You work as a machine learning specialist for a bank.
Your bank management team is concerned about a recent increase in fraudulent transactions.
You need to build a machine learning model to recognize fraudulent transactions in real-time.
The following is a sample of the dataset you are using to train your model: | Transaction ID |Account ID|type|amount |source | … |fraud | |12576477 |37564378|debit |350.00|ATM | … |not_fraud | |39844569 |74897544|credit|756.23|ATM | … |not_fraud | |54986984 |55656753|credit|243.90|ATM | … |undetermined| |34567863 |27564378|debit |1250.00|ATM | … |fraud| You are using the fraudulent feature as your label.
You have decided to use the linear learner built-in algorithm for your model.
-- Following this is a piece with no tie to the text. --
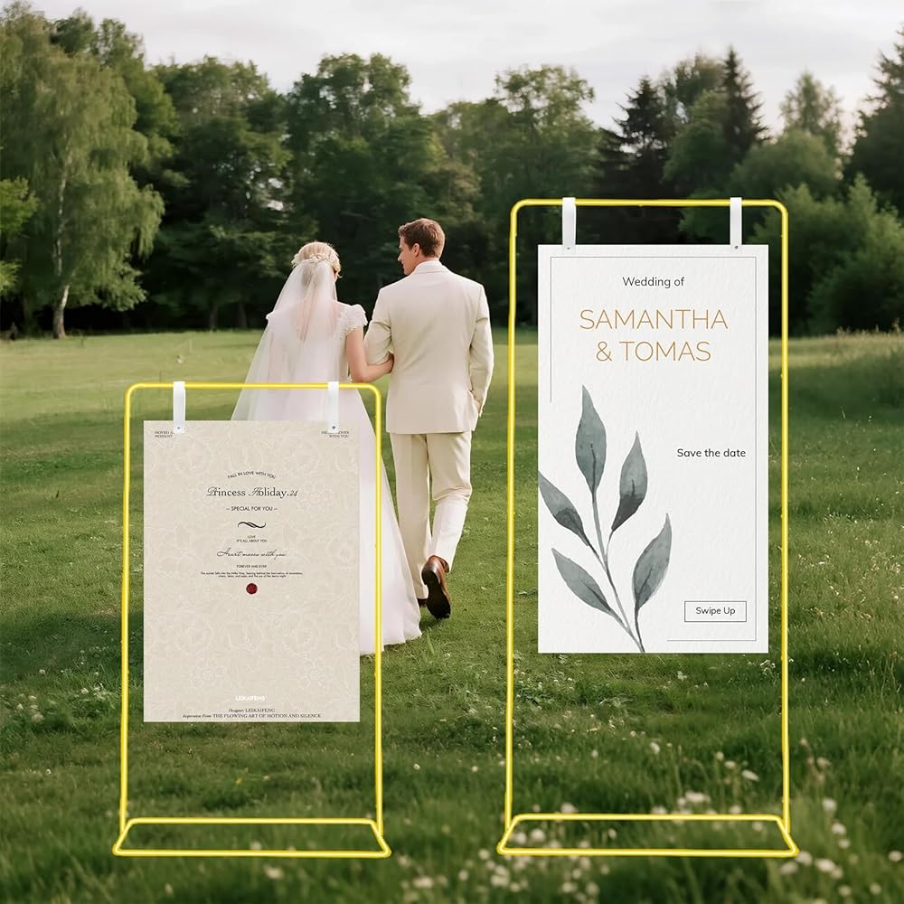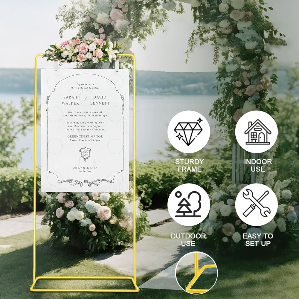 • 【حامل لافتة زفاف قابل للتعديل】نقدم ترحيبنا بعلامة الزفاف الخاصة بنا خيارين للارتفاع قابلين للتعديل - 30 بوصة عرض × 50 بوصة ارتفاع أو 30 بوصة عرض × 68 بوصة ارتفاع - إنه مثالي لعرض لافتة الترحيب الخاصة بك لحفل الزفاف أو حامل لافتة الترحيب. أربعة أوتاد أرضية متضمنة (15 سم/5.9 بوصة) تضمن الثبات في الهواء الطلق. يمتزج اللمسة النهائية الأنيقة بسهولة مع أي ديكور، مما يضمن أن لافتة الترحيب الخاصة بك تجذب الانتباه، مما يجعل حفل زفافك مميزًا ولا يُنسى حقًا مع حامل لافتة الترحيب بالزفاف هذا.

Which predictor type should you use for your linear learner?
Click on the arrows to vote for the correct answer
A. B. C. D.Answer: D.
Option A is incorrect.
The binary_classifier predictor type is used when your target feature is binary, either yes or no, 1 or 0, etc.
Your target feature has three potential values.
Therefore it is classified across multiple classes.
Option B is incorrect.
The regressor predictor type is used for regression models where your target feature is a continuous numeric value.
Your target feature has three potential values.
Therefore it is classified across multiple classes.
Option C is incorrect.
The cross_entropy_loss is an option for the binary_classifier_model_selection_criteria parameter of the linear learner SageMaker algorithm.
This parameter is used when you are using a binary classifier as your predictor type.
Option D is correct.
The multiclass_classifier predictor type is used when your target feature has more than two potential values.
Your target feature has three potential values.
Therefore it is classified across multiple classes.
Reference:
Please see the Amazon SageMaker developer guide titled Linear Learner Algorithm, the Amazon SageMaker read the docs API doc titled LinearLearner, and the Amazon Machine Learning developer guide titled Multiclass Classification.
Based on the given scenario, you are tasked with building a machine learning model to recognize fraudulent transactions in real-time. You have a dataset that contains features such as Transaction ID, Account ID, Type, Amount, Source, and Fraud. You have decided to use the linear learner built-in algorithm for your model.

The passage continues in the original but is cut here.